#### GIVEN INFORMATION ####

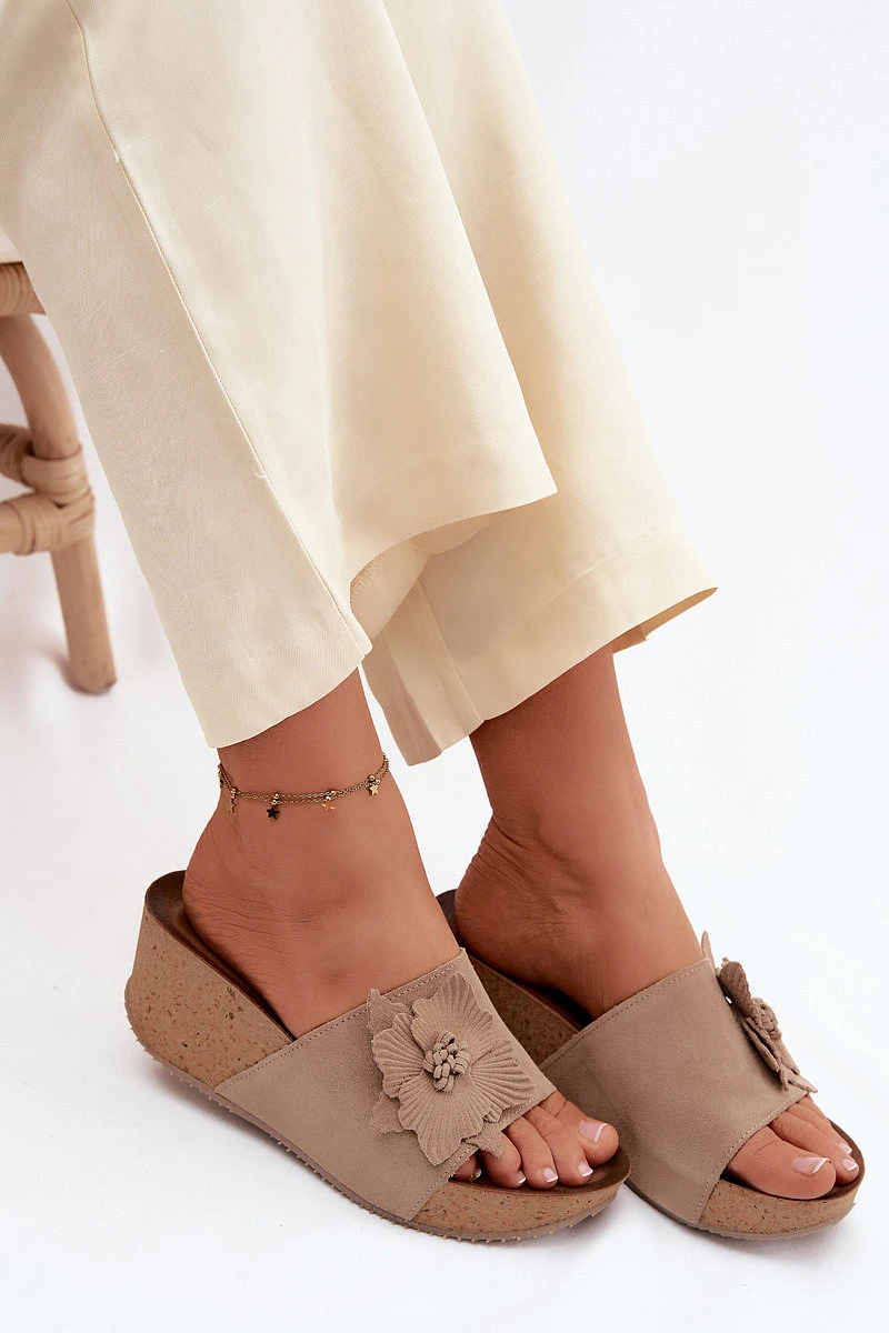 Kožené semišové dámské pantofle na platformě s ozdobným květinovým vzorem model 22125922 Cappuccino - Zazoo
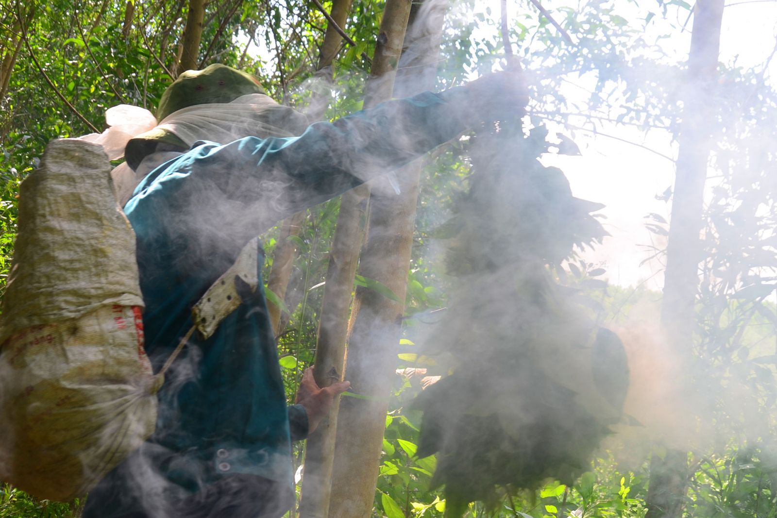 The contents in the carry basket were taken out. After a few minutes, Luyen was covered from head to toe. He held the smoking torch in one hand. Like a squirrel, he quickly climbed the tree and got close to the hive, ignoring the weight of his body on the bending branch. After a while, the smoke got into the hive. Thousands of bees swarmed out creating a black cloud. At this moment, Neo pulled his reporter companion who was still immersed with the camera below to a large tree that was quite far away and made a notion to stay still: “A couple of bee stings are manageable but a few hundred or thousand bees attacking us would be a big problem.”
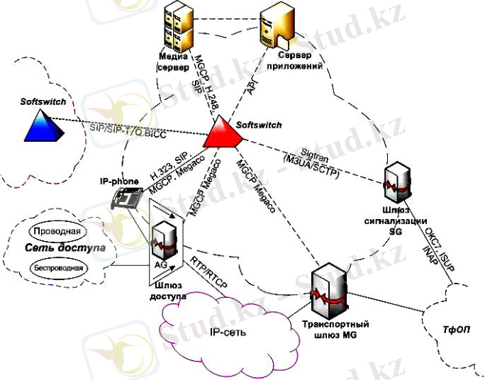 Оператор класымен сәйкес сенімділік параметрлері қамтамасыз етілуі керек. Сурет 1. 3-те SoftSwitch-тың типтік схемасы келтірілген. Бұл схема NGN желісінің барлық негізгі құрылымын қамтыған.
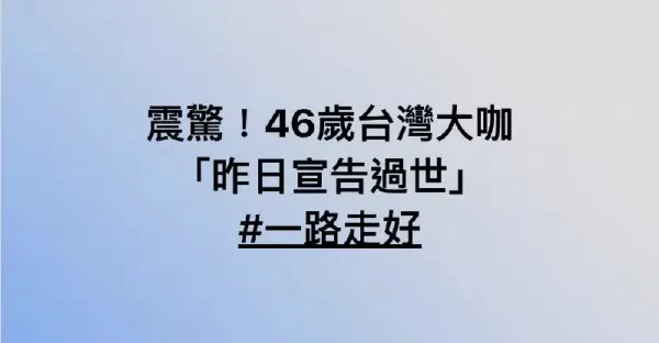 震驚!46歲台大咖「昨日宣告過世」一路走好!

####

- WORK REQUIRED
Reproduce the lines of the listing exactly, starting at the one that contains "Оператор класымен сәйкес" and continuing through the final line, but leave out the pictures.

- RESPONSE AREA
 Оператор класымен сәйкес сенімділік параметрлері қамтамасыз етілуі керек. Сурет 1. 3-те SoftSwitch-тың типтік схемасы келтірілген. Бұл схема NGN желісінің барлық негізгі құрылымын қамтыған.
 震驚!46歲台大咖「昨日宣告過世」一路走好!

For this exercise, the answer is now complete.